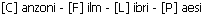 Le risposte (abbinamenti), contenute nella sezione destra, riportano titoli e paesi riconoscibili rispettivamente da un carattere, racchiuso tra parentesi quadre, secondo la seguente codifica:
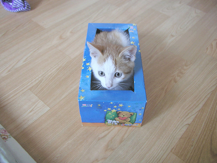 크리넥스 티슈 다쓰고 남은 빈통에 자꾸 발을 집어 넣길래 가위로 입구를 넓혀 줬더니 아주 좋아서 난리네요.
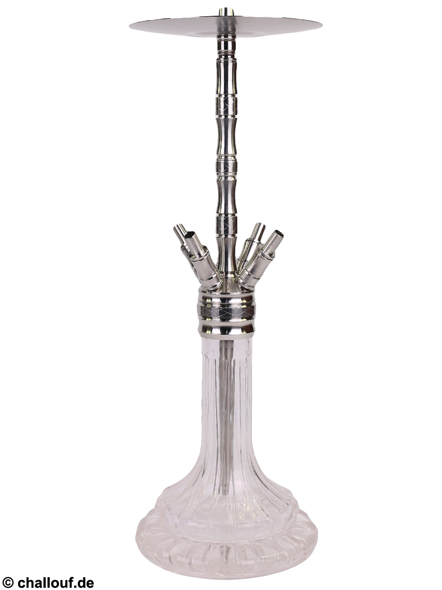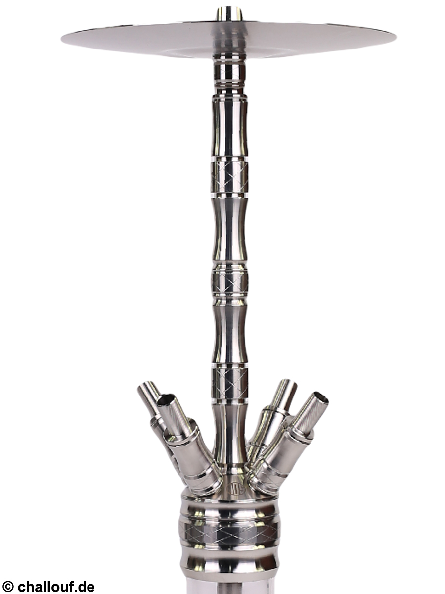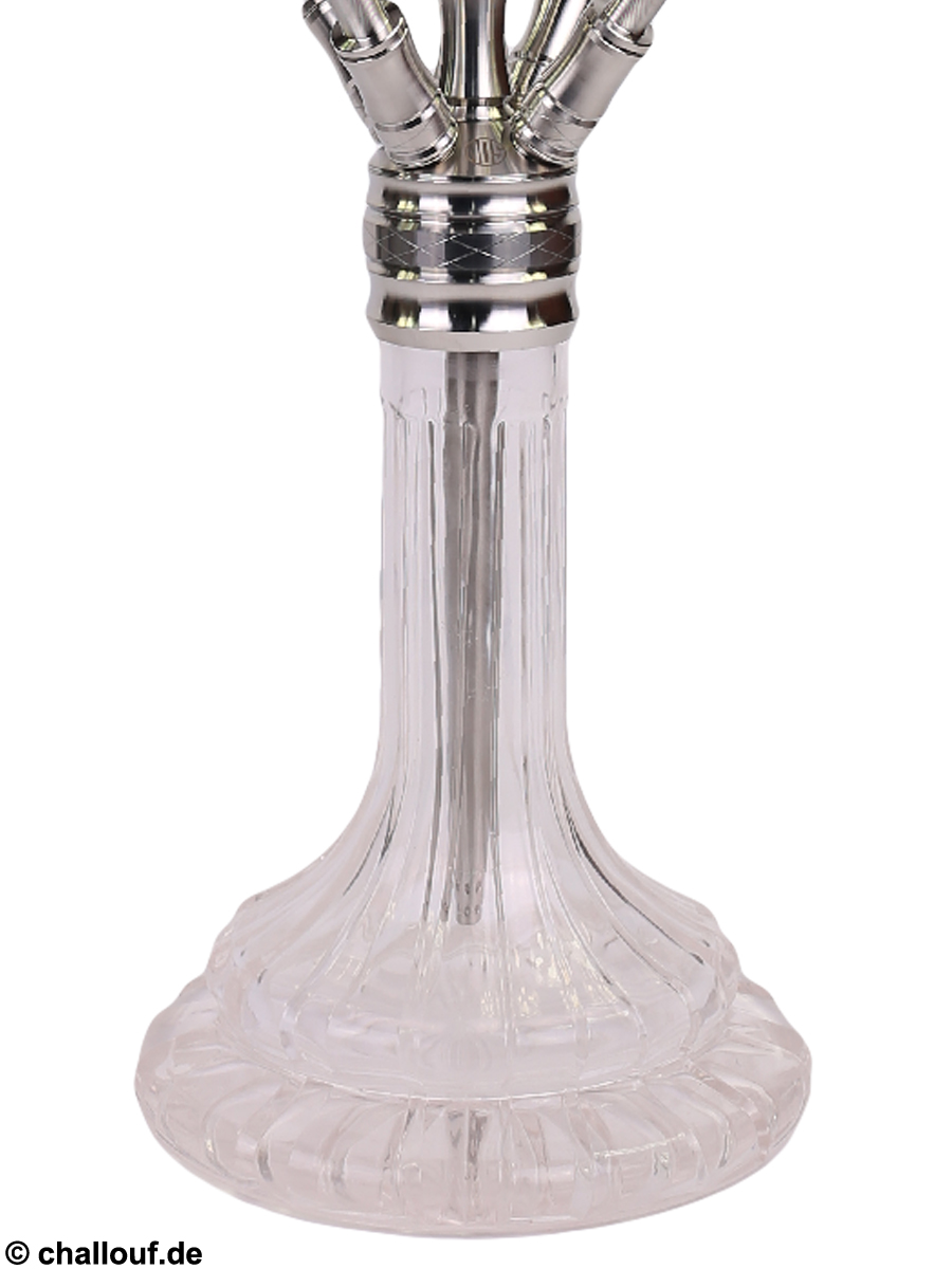 Alle Metallteile bestehen aus hochwertigem und rostfreiem Edelstahl und die Bowl ist aus Kristallglas gefertigt. Durch ihre breite Auflagefläche hat die Shisha einen guten Stand.
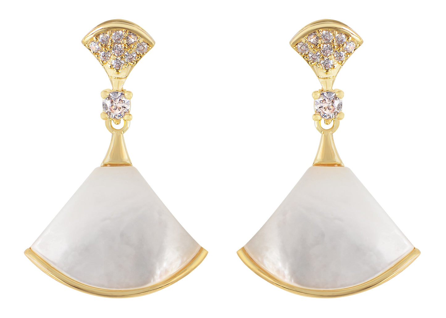 Alilang Cute Golden Tone Crystal Rhinestone Fan Shaped Shell Dangle Earrings Elegant Drop
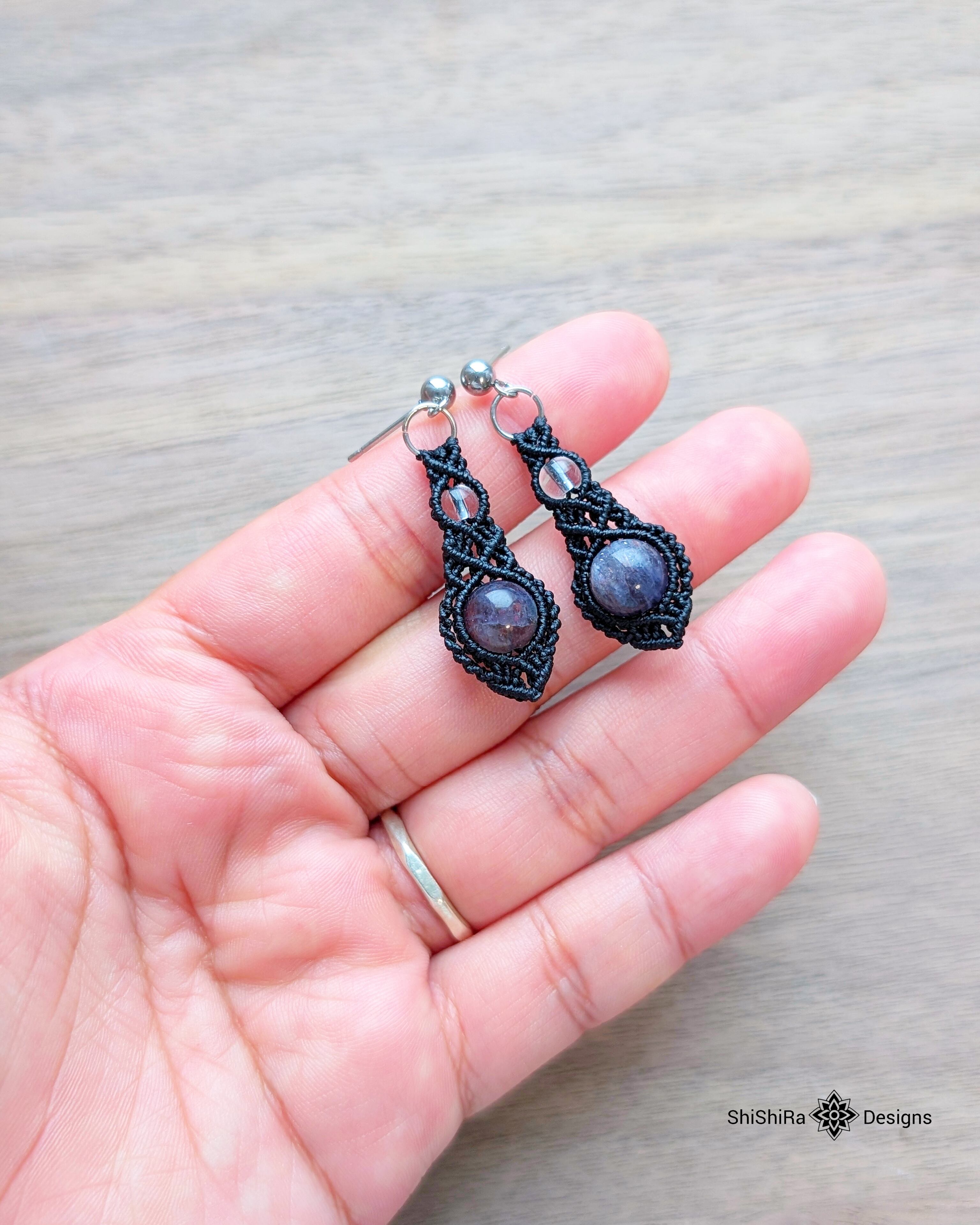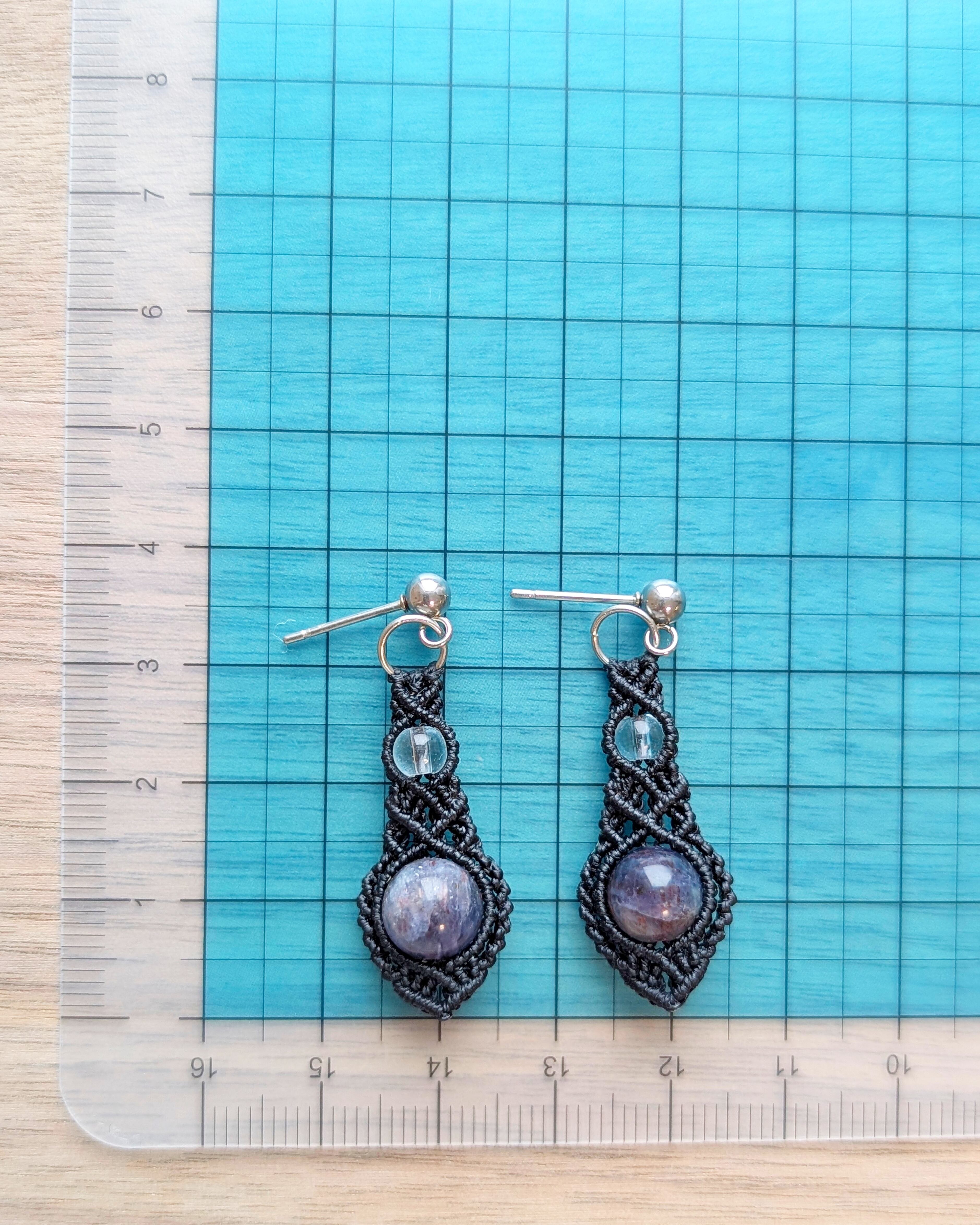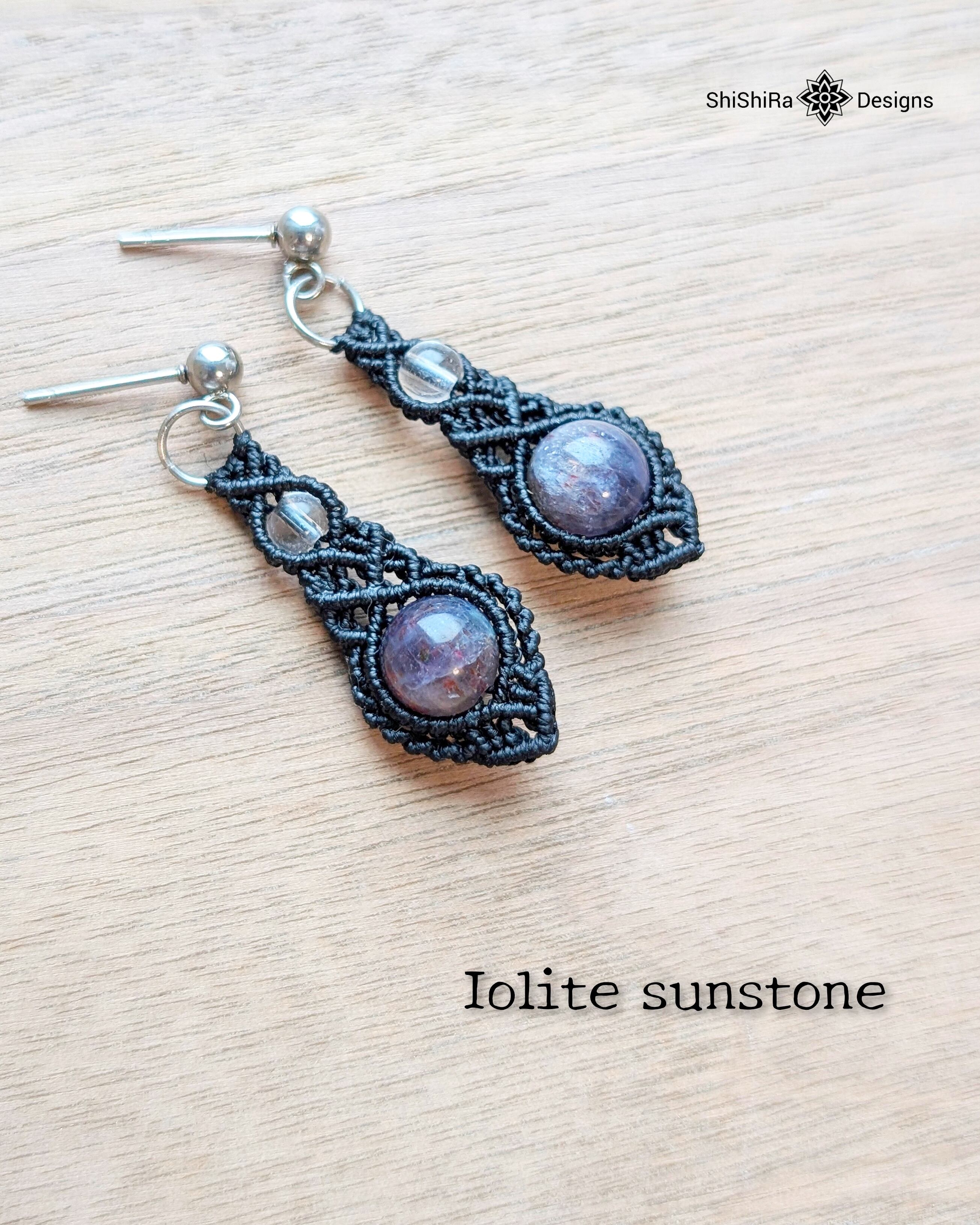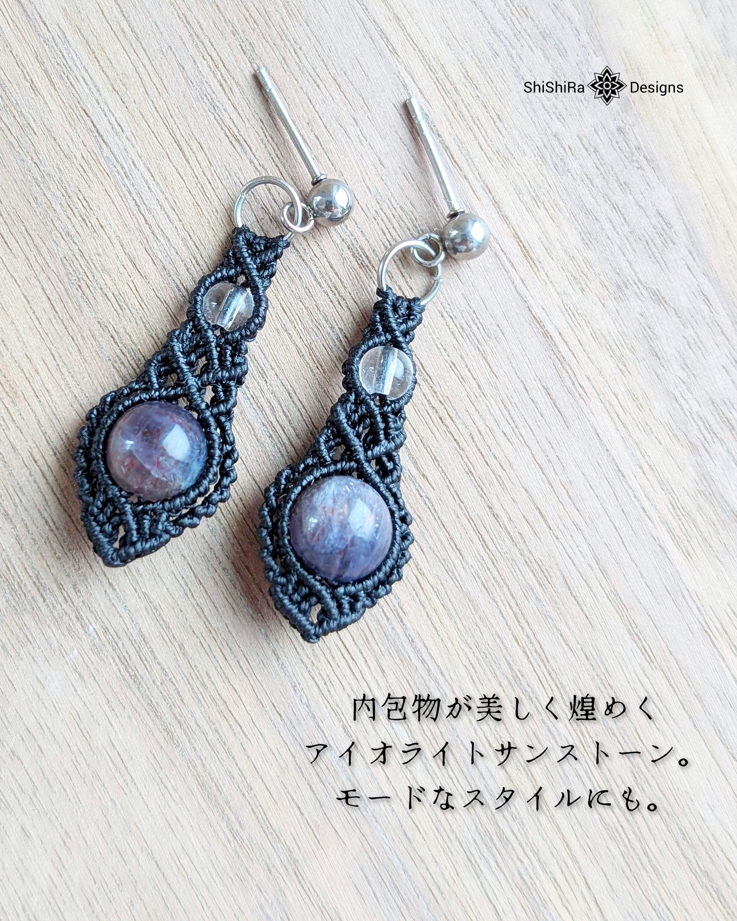 こちらはアイオライトサンストーンと水晶をマクラメ編みで編みこんだピアスです。

+++

## Goal of the exercise
Copy all of the records verbatim, omitting the pictures.

## Response area
 Le risposte (abbinamenti), contenute nella sezione destra, riportano titoli e paesi riconoscibili rispettivamente da un carattere, racchiuso tra parentesi quadre, secondo la seguente codifica:
 크리넥스 티슈 다쓰고 남은 빈통에 자꾸 발을 집어 넣길래 가위로 입구를 넓혀 줬더니 아주 좋아서 난리네요.
 Alle Metallteile bestehen aus hochwertigem und rostfreiem Edelstahl und die Bowl ist aus Kristallglas gefertigt. Durch ihre breite Auflagefläche hat die Shisha einen guten Stand.
 Alilang Cute Golden Tone Crystal Rhinestone Fan Shaped Shell Dangle Earrings Elegant Drop
 こちらはアイオライトサンストーンと水晶をマクラメ編みで編みこんだピアスです。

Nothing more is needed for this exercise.